Respuesta: E The **correct answer is E**. This patient’s signs and symptoms indicate aspiration pneumonia with resultant lung abscess. Lung abscesses in an unconscious or obtunded patient result from aspiration of infected material from the upper airway. The causative organisms are usually mixed anaerobes from oral flora. This patient’s infiltrate is in the superior portion of the right lower lobe, a common site of aspiration pneumonia. Sputum is copious in lung abscesses and often malodorous. Patients have risk factors for aspiration (drugs, CNS disease, general anesthesia, coma, or excessive sedation), and many patients have periodontal infection. Acid-fast bacilli and caseating granulomas **(choice A)** refer to pulmonary tuberculosis. Although it may be seen in homeless alcoholics, tuberculosis more often presents with a protracted, rather than an acute, illness. Additionally, cavity formation classically occurs in the upper lung lobes. Considering this patient’s long history of tobacco use, a possible diagnosis is squamous cell carcinoma **(choice B)**, which may lead to a mass with an air-fluid level that resembles a lung abscess radiographically.
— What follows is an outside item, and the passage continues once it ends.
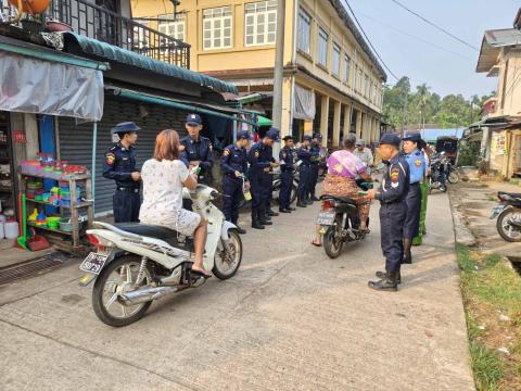 တနင်္သာရီတိုင်းဒေသကြီး ဘုတ်ပြင်းခရိုင် ကရသူရိမြို့၌ မီးဘေးအန္တရာယ်ကြိုတင်ကာကွယ်ရေး လက်ကမ်းစာစောင်များဖြန့်ဝေခြင်းနှင့် 191 စတေကာများကပ်ခြင်းဖြင့် အသိပညာပေးဆောင်ရွက်မှုကို ဖေဖော်ဝါရီ ၁၈ရက် နံနက် ၈နာရီက မြို့ပေါ်ရပ်ကွက်များတွင်ဆောင်ရွက်သည်။
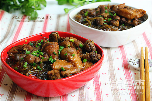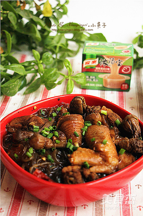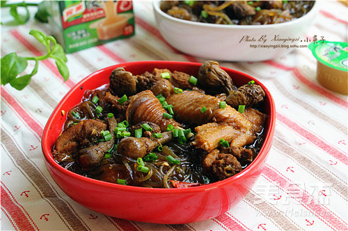 小英子心语: 1. 粉条需要提前泡软,这样再放入锅里煮的时间短也不容易煮化。 2. 炖鸡的时候放上些山珍会使汤的味道更鲜美。 3. 炖煮的时间与买的鸡的品种养殖时间长短有关,所以一开始的时候水可以多加点,中途最好不要加水。

Additionally, some lung cancers can present with a postobstructive pneumonia with resultant lung abscess. However, lung cancer usually presents with symptoms over longer periods of time. Fibrosis and needle-like ferruginous bodies **(choice C)** are the classic histology for asbestosis. Asbestosis results from long-term exposure to asbestos fibers and presents with progressive exertional dyspnea and fibrosis. Symptoms are not as acute as those found in this patient, and a history of asbestos or occupational exposure is needed for the diagnosis. Pneumococcal pneumonia **(choice D)** is the most common community-acquired pneumonia. It is a lobar pneumonia that does not cavitate or cause lung abscesses. Additionally, presentation of fever, chest pain, dyspnea, and cough occurs more acutely than the 2-week presentation seen in this patient.

Answer 23

Respuesta: B The **correct answer is B**. Even when the clinical history and neurologic evaluation are consistent with Alzheimer disease, as in this case, MRI studies of the brain may rule out other conditions that may mimic this common dementing disorder. Marked ventricular dilatation without significant cortical atrophy, for example, would suggest normal pressure hydrocephalus, which may respond to CSF shunting. A subdural hematoma may manifest with dementia. An entirely normal-appearing brain may suggest nonorganic causes of dementia, for example. Electroencephalographic studies **(choice A)** are of limited value in the evaluation of dementing illnesses, except in the case of Creutzfeldt-Jacob disease. Cerebral angiographic studies **(choice C)** are useful in evaluating the morphology of the cerebral vasculature to detect the location and degree of atherosclerotic stenosis, as well as the presence of aneurysms or vascular malformations. Lumbar puncture for CSF examination **(choice D)** is uninformative in most cases of dementia. Despite extensive research, a diagnostically useful CSF marker of Alzheimer disease has yet to be found. Brain biopsy **(choice E)** is reserved for those rare cases in which clinical and radiologic investigations have failed to disclose any apparent cause of dementia, and there is evidence of a mass lesion in imaging studies.